Het is half negen als hij op wil staan. Maar het lukt hem niet om rechtop te gaan zitten. Vlammende pijn in zijn rechterlies, en hij valt terug op het bed. Nog een keer proberen rechtop te komen, maar ook bij de tweede poging lukt het niet. Opnieuw hevige pijn, alsof iemand een mes in zijn lies zet en het daarna ronddraait. Hij valt terug in het kussen, zweetdruppels van de pijn parelen op zijn voorhoofd. Oude bruine balken boven zijn hoofd, met witte panelen er tussenin. Grauw licht dat door de vale gordijnen de kamer binnenvalt. Een ongewenste indringer, die aankondigt dat er een nieuwe dag in aantocht is.
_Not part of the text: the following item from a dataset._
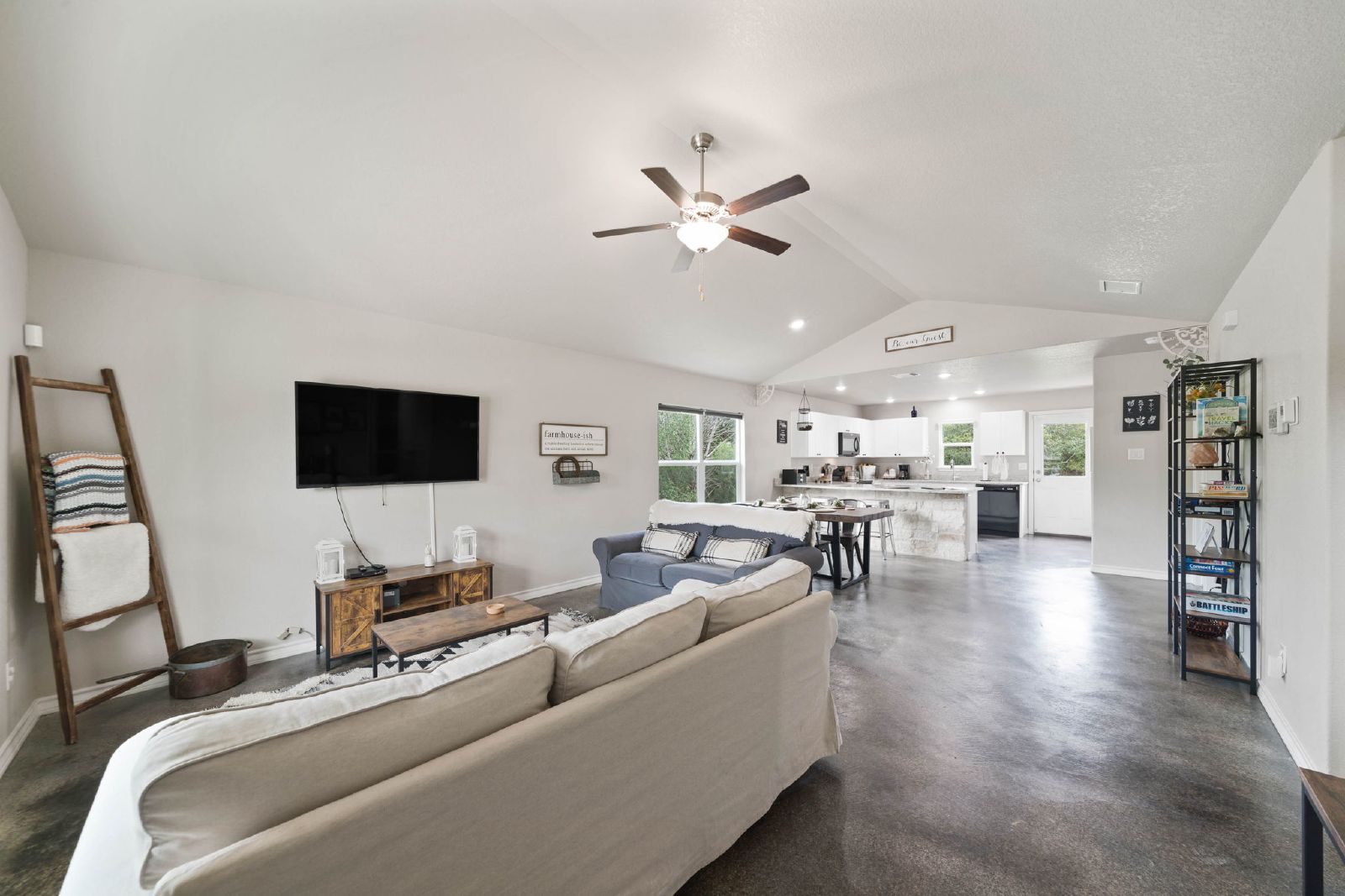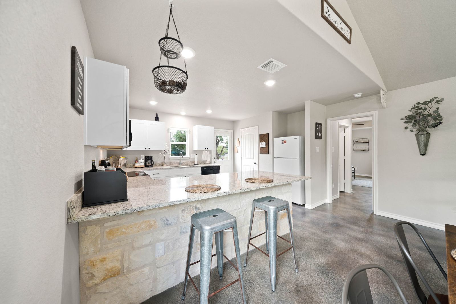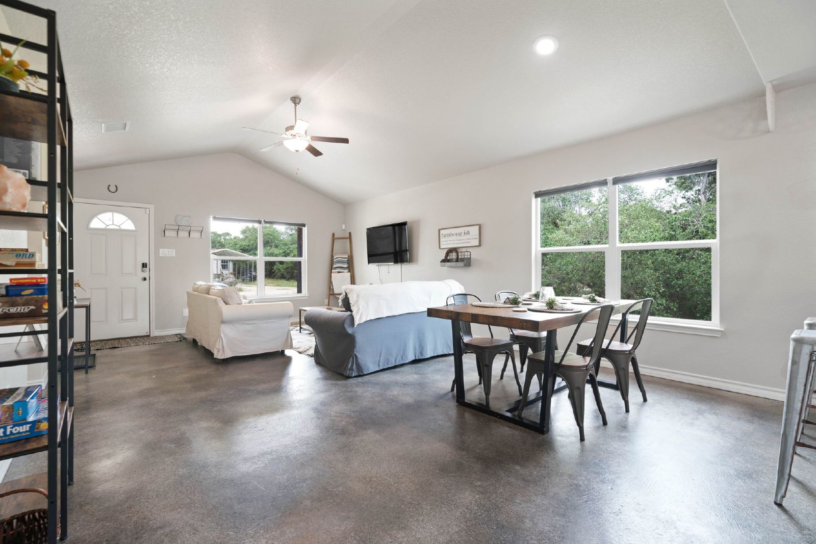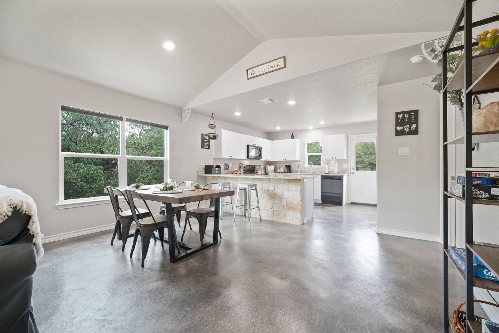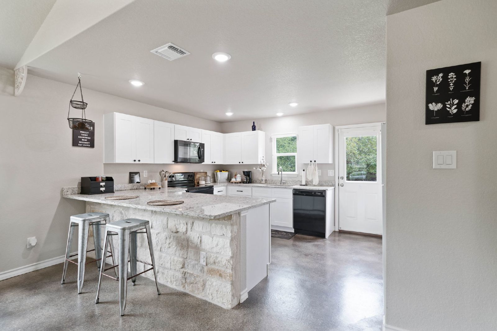 Step into your own slice of tranquility at Canyon Lake, where this inviting property offers a seamless blend of comfort and relaxation, perfect for both personal enjoyment and a lucrative Airbnb venture. This charming 3-bedroom, 2-bathroom home, currently utilized as a delightful short-term rental, is a haven of warmth and hospitality. Outside, the eye-catching rock design of the exterior sets the tone for the cozy ambiance within. As you step onto the welcoming front porch, you're greeted by an open-concept living area that effortlessly merges the living room and kitchen, creating a space that's perfect for socializing and unwinding. The convenient eat-in breakfast area adds to the casual charm, while the expansive master bedroom, complete with an ensuite and walk-in shower, offers a touch of luxury. Another bedroom provides additional sleeping accommodations, and the modern elegance of stained concrete floors runs throughout the home. Step outside to discover a spacious backyard oasis, ideal for relaxation and enjoying the company of furry friends. Positioned for convenience, with easy access to Rebecca Creek Park and its array of activities, including golfing and swimming, this property also benefits from access to a community pool and campsites through the HOA. And with New Braunfels just 25 miles away and the Comal River, a popular spot for river-floating enthusiasts, a mere 26 miles from your doorstep, there's no shortage of nearby attractions. Whether you're seeking a tranquil retreat or a savvy investment opportunity, this Canyon Lake home offers the perfect balance of comfort, convenience, and Texas hospitality. All furnishings are available for purchase separately. Don't miss out on this opportunity.

Weer een nieuwe dag. Genoeg dagen gezien, genoeg dagen achter zich gelaten. En dus draait hij de dag de rug toe, voorzichtig, om nieuwe oplaaiende vlammen van pijn te vermijden, en doet zijn ogen weer dicht. Probeert te slapen, maar dat lukt niet meer. Het huis kraakt en zucht vermoeid door de harde wind die om het huis buldert, en ieder gaatje en kiertje gebruikt om het huis binnen te komen.

Lees verder “Klok”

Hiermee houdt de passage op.